# She Did it Again



## SuckLead (Jul 4, 2006)

Ok, well, apparently our trip to "look" at some guns for feel today ended up with my mom special ordering a New Vaquero (can't blame her, I came within seconds of getting my G21). But she already hates the grips. So where can I get grips to fit this gun at a good price? Ruger New Vaquero in 357 mag. I think she wants white grips, but I'm not sure. Thanks!


----------



## Baldy (Jun 21, 2006)

See Bob as he knows one of the best in the country at making stocks/grips for them cowboy guns. Good luck.


----------



## Bob Wright (May 10, 2006)

For white grips, I'd have to say Cary Chapman (www.clccustomgrips.com) offers grips made from holly. This is a white wood that looks for all the world like ivory. Also, check out his other wood grips.

For white plastic, Eagle Grips or Ajax Custom offer fake ivory and stag.
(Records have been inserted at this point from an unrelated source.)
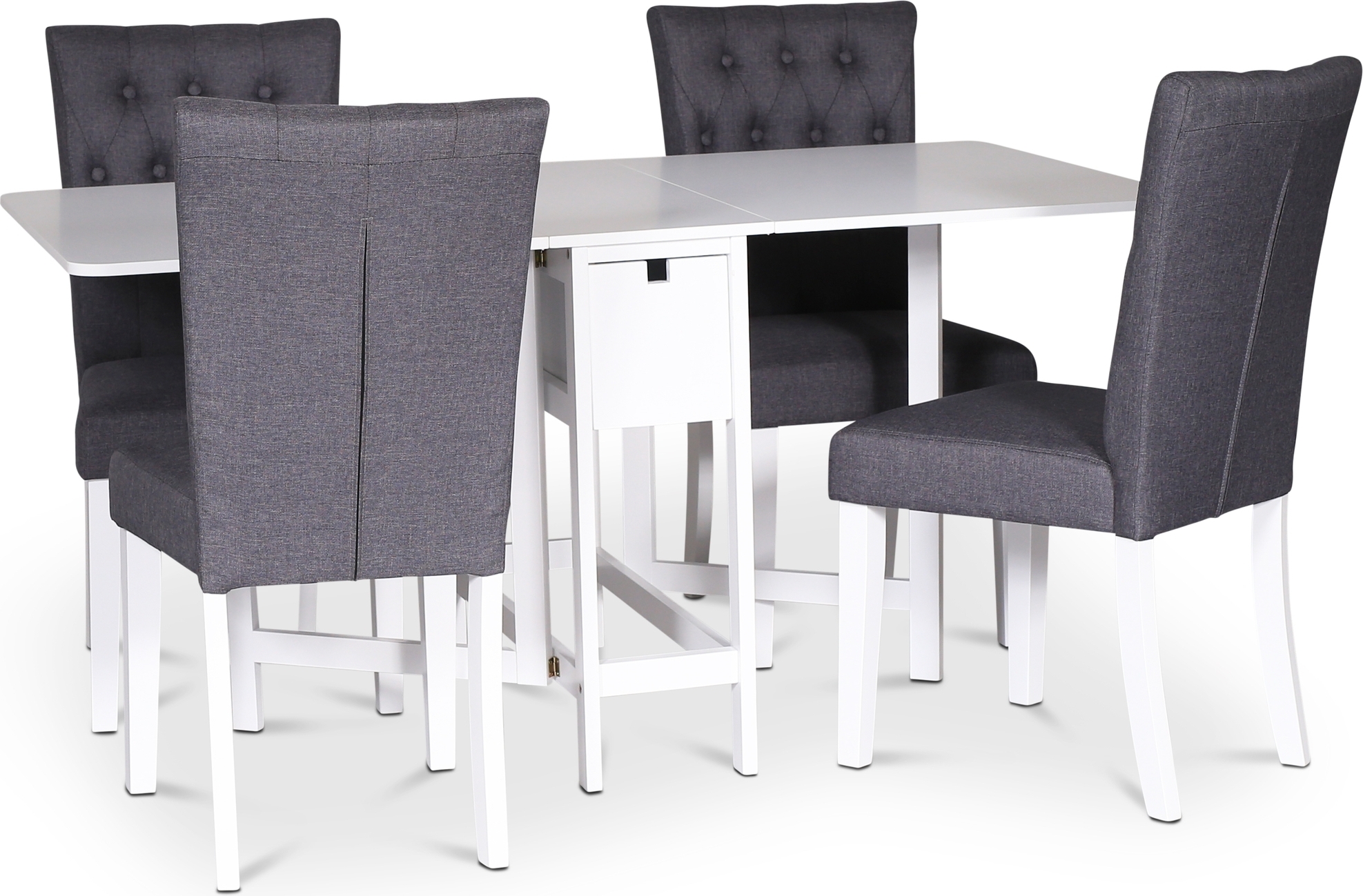 Sandhamn ruokailuryhmä Klassinen muotoilu. Tyylikäs kokoontaittuva pöytä 4 yhteensopivalla Crocket-tuolilla päällystetty harmaalla kankaalla.
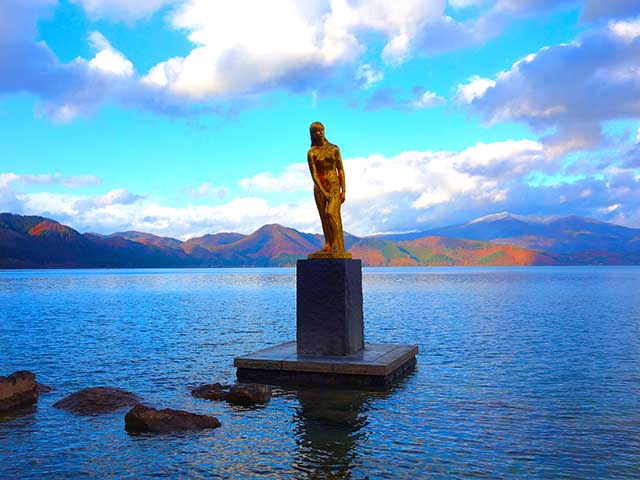 湖畔には象徴ともいえる黄金の辰子像が静かに佇み、雄大な湖面に黄金の身体が相まって、美しくも神秘的な雰囲気を醸し出しています。
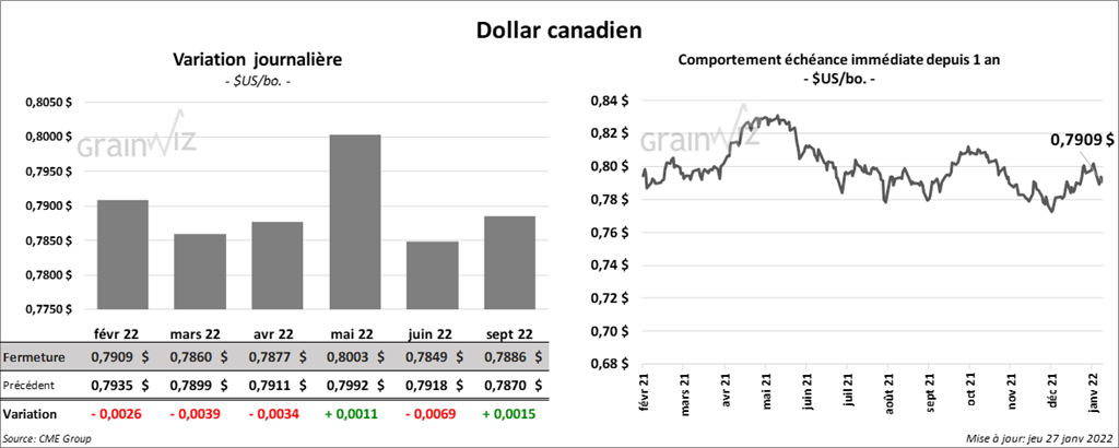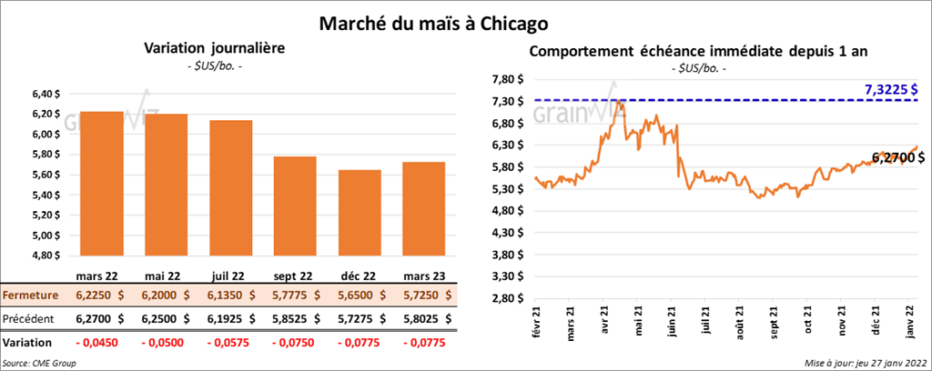 - Durant la semaine du 20 janvier dernier, les ventes à l’exportation de maïs US 2021/22 ont été de 1,402,300 tonnes, ce qui était une augmentation de 29 % par rapport à la semaine précédente et une hausse de 84 % comparativement à la moyenne des 4 dernières semaines. Le Japon et le Mexique ont été les principaux acheteurs. Les prévisions des analystes étaient entre 600,000 et 1,2 million de tonnes. Pour 2022/23, les ventes à l’exportation ont été de 165,000 tonnes. Le Japon et le Mexique ont été les plus gros acheteurs. Les anticipations des analystes étaient entre 0 et 200,000 tonnes.
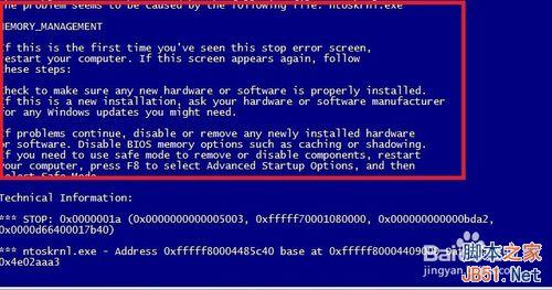 4、其實,這張截圖還有一個更重要的訊息是:顯示了出錯的ntoskrnl.exe文件名。
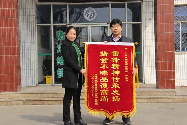 2018年2月26日,鄉飲的朱女士來到寧陽縣結核病防治所,將一面寫有“雷鋒精神傳承發揚,拾金不昧品德高尚”字樣的錦旗贈送給結防所工作人員許貞帥,以此來感謝許貞帥讓她弟弟的錢包失而復得。
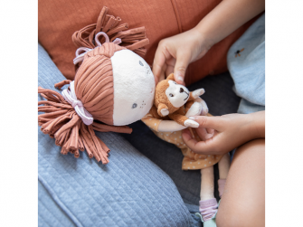 Nádherná bábika s menom Sophia vo veľkosti M (35 cm) od Little Dutch, ktorá očarí nie len deti, ale aj dospelých. Je štýlovo oblečená a drží malú opičku, ktorá je upevnená k nej so suchým zipsom. Jednoducho nemôže chýbať v detskej izby. Je vyrobená z mäkkých materiálov a dodávaná v krásnej krabičke so šnúrkou. Táto krásna bábika sa hravo stane najlepším spoločníkom vášho dievčatka.
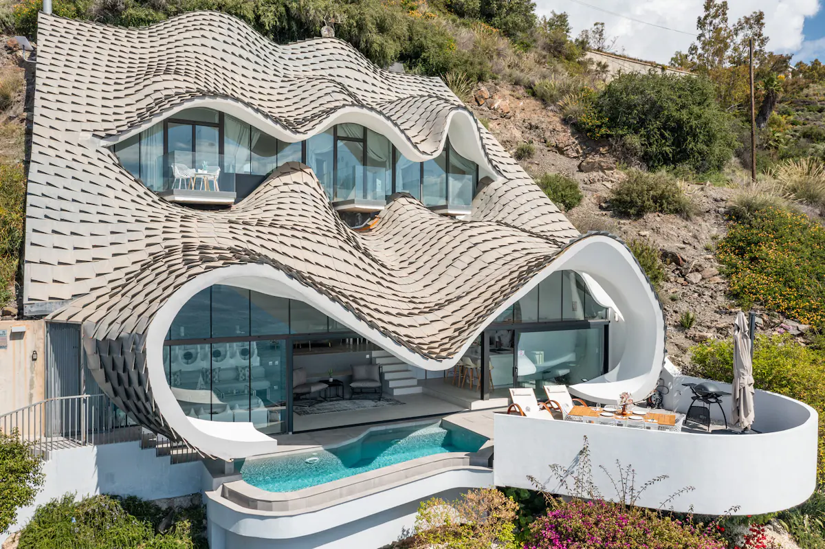 見事な建築デザイン、一流のアメニティ、ドラマチックな崖沿いのロケーションを備えたこの 3 ベッドルーム ヴィラは、スペインで最もクールな Airbnb にランクされています。 Netflix の「世界で最も素晴らしい家」でも紹介されたこの宿泊施設は、建築、デザイン、海を愛する人にとって夢のような滞在です。インフィニティ プールで泳いだり、ラウンジ ベッドで日光浴したり、地中海の素晴らしい景色を眺めながら屋外で食事をしたりして、一日をお過ごしください。内部のオープンプランのリビングエリアには、波のような丸い天井と、美しいグラナダの海岸線を囲む壁一面の窓が特徴です。階下の窓壁がスライドして開き、海風を感じられる開放的な空間が生まれます。その他の注目すべき設備には、レインフォール シャワー、深めの浴槽、洗濯機と乾燥機など、忘れられない滞在に必要なものがすべて揃っています。

But Cary's grips are works of art.

http://clccustomgrips.com/460jpg

Bob Wright


----------



## SuckLead (Jul 4, 2006)

Wow! Those are beautiful! I think I'm going to be saving up some money and getting her a nice set of those as a gift. Thanks!


----------



## SuckLead (Jul 4, 2006)

The gun has arrived! She picked it up yesterday. I have to tell you, I hope she gets attached to the black grips it came with because that is one sweet looking weapon just as it is.


----------